Sunday, February 7, 2010

Getting Outside in Sub-Freezing Weather

Thursday we spent the day in the winter woods. We learned about how to test the ice (with the caution that it's better just to avoid it ... I agreed). We finished making our dream catchers (using hazelnut boughs for the frames and basswood cordage, which we made by winding pieces of basswood bark into rope - it's kind like spinning yarn, only it's not fur. It's from a plant, like hemp ... sort of ... only it's a tree. Are you sufficiently confused?). We decorated our dream catchers with feathers.

Precious with her Dream Catcher


Our lunch on that day was chicken leftover soup from Wednesday. We heated it back up in the morning and put it in our thermoses. It was really nice sitting on a hill in the sun and eating the hot soup. We also brought some Cabot cheese, some bread I made (not 100% local ingredients, because I can't, with any accuracy, know where the wheat was grown, but it's locally milled in Vermont), and some eggs pickled in the juice leftover after we ate all of the pickled beets. Eating a purple-pickled egg with a bright yellow yolk is actually pretty fun ;).

Today, we went for a walk. It was a perfect winter day with light winds, bright sun, and a clear, blue sky. Lately, we've had more of this sort of day than not, and I really should be taking advantage of them to replenish my Vitamin D store.

We decided to look for a geocache while we were going to be out anyway. When we got to the area where the geocache was located, I was thinking it was a lost cause and decided to just stand a little way up the hill, enjoying the feel of the winter sun on my face ...

I was glad we didn't have to cross the stream



... but Deus Ex Machina, being the bullheaded persistent sort, kept looking, and lo, and behold! He actually found it. It was cold, especially in the shade, but he kept looking. I am totally impressed, but not surprised. He's just like that ;).

Afterward, we walked a bit and looked at trees. We brought some pine boughs home for tea, and had a (mostly) local (except the pasta) late lunch/early supper (would that be considered "lupper"?).

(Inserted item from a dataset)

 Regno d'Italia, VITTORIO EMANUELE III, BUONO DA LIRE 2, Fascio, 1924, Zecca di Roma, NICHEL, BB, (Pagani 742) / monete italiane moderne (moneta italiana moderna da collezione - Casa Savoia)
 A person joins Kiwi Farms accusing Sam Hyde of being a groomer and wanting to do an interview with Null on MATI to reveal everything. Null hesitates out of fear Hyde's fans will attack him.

The bright sun today actually motivated me to get my Johnny Seed order all filled out (finally!). I may be a little late, but I still have some seed (for early stuff, like peas and lettuce) from last year, and the other stuff will be okay if it isn't planted until May. I'll send out the order in the early part of next week.

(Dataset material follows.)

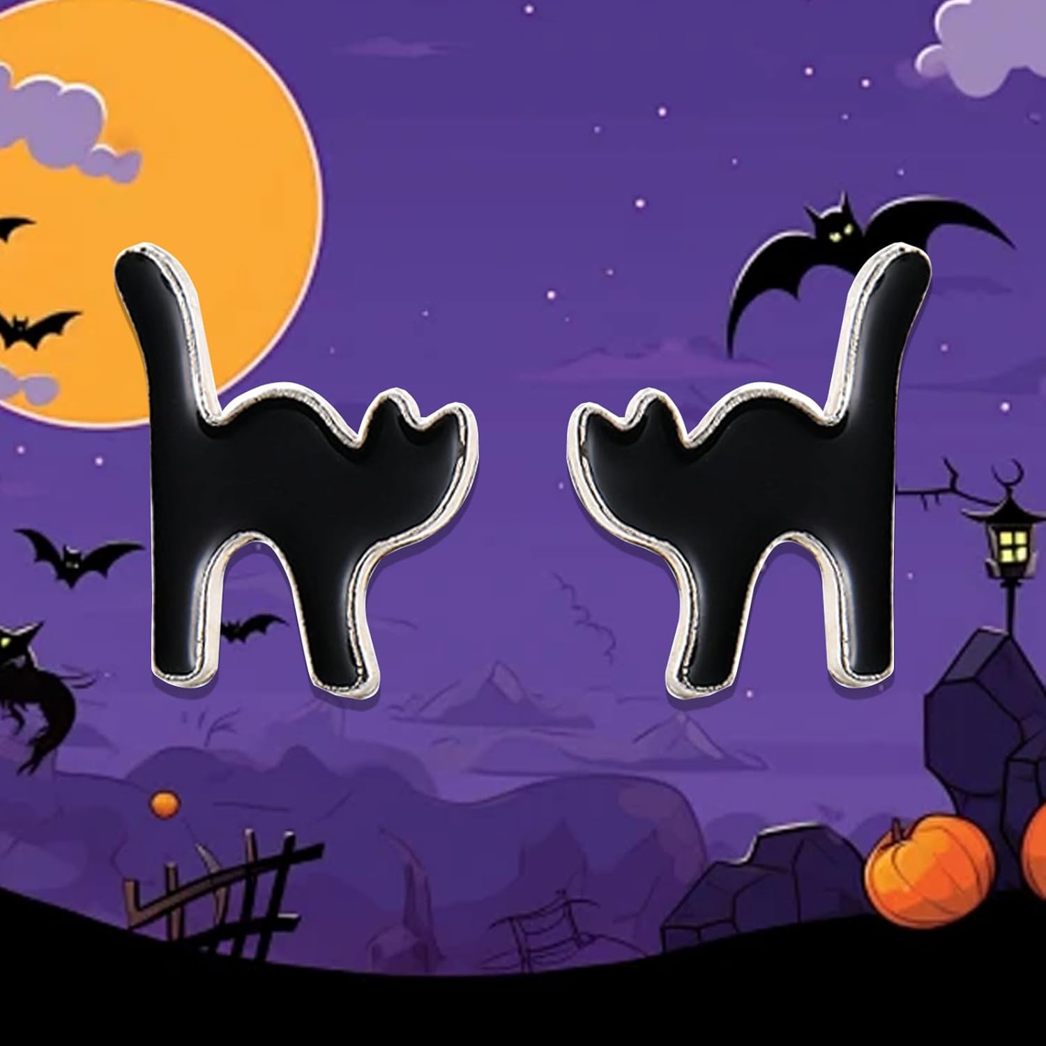 Halloween Stud Earrings Set,MUNSKT 6 Pairs Include Pumpkins,Black Cats,Ghost, Bats Stud Earrings for Halloween Party Accessories

I'm planning to use more of my space than I have in the past for gardening.

I'm planning an entire "bucket" garden where I'll grow corn, beans and pumpkins.

I'm hoping to raise all of the tomatoes, broccoli, salad greens, pumpkins, beans, peas, garlic and onions that we'll use.

I hope to grow a significant portion of our potatoes.

We'll grow all of our chicken and hopefully be able to get the laying hens and ducks to actually give us some eggs ;).

We also intend to forage and preserve a lot more wild foods this year ... starting today, with the hemlock tea.

I'm not even close to tired of the winter, yet. I'd still love to see a lot more snow, and I don't mind the cold so much ... as long as I have a warm fire to come home to.

The Ground Hog tells us that spring is still six weeks away ... but it's almost time for maple sugaring, and right on th tail of that is time to plant peas.

6 comments:

  1. Okay I've gotta ask. What's a "bucket" garden?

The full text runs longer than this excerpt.